I’m really appalled by a stupid article in today’s New York Post about Oscar voters being old and out of touch. It’s quite the contrary. The Post writer–surprise–had an agenda and went for it. But she obviously knows nothing about the Motion Picture Academy. This is not the Hollywood Foreign Press.
This past December I made two trips to Los Angeles. Each time I went to small receptions, cocktail parties, and screenings for various Oscar-buzzed movies. It is the time of the year when older Academy members whom you don’t ordinarily get to meet– they’re retired, or not going to nightclubs with Lindsay Lohan–get to come and learn what’s happening this year with the Oscars.
These people invariably surprise me. They are sharp, bright, with it. They know all the movies, who’s in what, what every actor and director has done in the past. They can be charming, irascible, curmudgeonly, and supportive. You sit down at a table of white or gray haired folks and they start telling you what they did: danced in MGM musicals, always played the neighbor in Doris Day films, etc. They’ve seen everything, and they have a high standard. The highest.

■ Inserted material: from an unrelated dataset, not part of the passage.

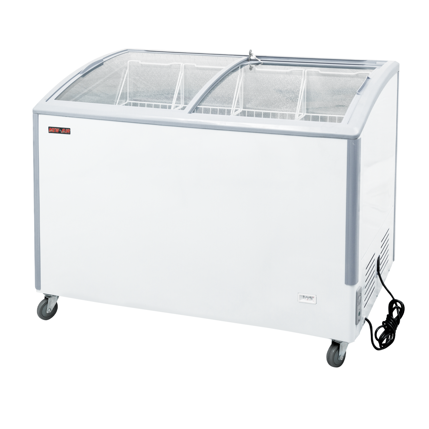 The NIF-49-CG ice cream freezer boasts an easy to access, curved sliding glass design, 4 spacious wire baskets and a built-in lock for additional security when not in use.

So I wasn’t surprised a few weeks later, for example, when “Life of Pi” was nominated and so was Ang Lee. The people I’d interviewed in December had loved it. Adored it. What else had they liked? Jennifer Lawrence and”Silver Linings.” They were not so keen on “Les Miserables.” Ditto “Lincoln,” which I thought they’d go for in a big way. They liked the second half of it. Everyone said “Argo” then, and we weren’t listening.
Walter Bernstein was interviewed for the Post piece. I don’t think the writer knew who he was, only that he was the oldest member of the New York branch at 93. Walter, whom I admire greatly, was blacklisted in the 1950s– still a very sore subject. He was accused of being a Communist and had to use other people’s names to get his scripts produced. He was not a Communist. (And who cares if he was?) Aside from Walters’s thoughts on “Silver Linings,” I agree with him. But Walter’s perspective is definitely colored by what was done to him. The Blacklist remains Hollywood’s lowest moment in history.
As for “buying” Oscars: I think I received a candy bar or something for “Silver Linings.” Contrast that with the massive amount of merchandise accompanying “Lincoln”– books galore, a cookbook, and the CD came in an expensive white box with photo inlays. “Les Miz” also had a book that cost a fortune. There’s a rumor the soundtrack came on an iPod nano. (I wish they’d sent me that!) Luckily, no one sent grenades for “Zero Dark Thirty.”
But back to the age thing: don’t for a minute think the age of Oscar voters means they don’t know what’s going on. This “old” group just devoured the hippest movie of the year, “Beasts of the Southern Wild.” Everyone who saw it, dug it. I couldn’t believe it when they told me. So there.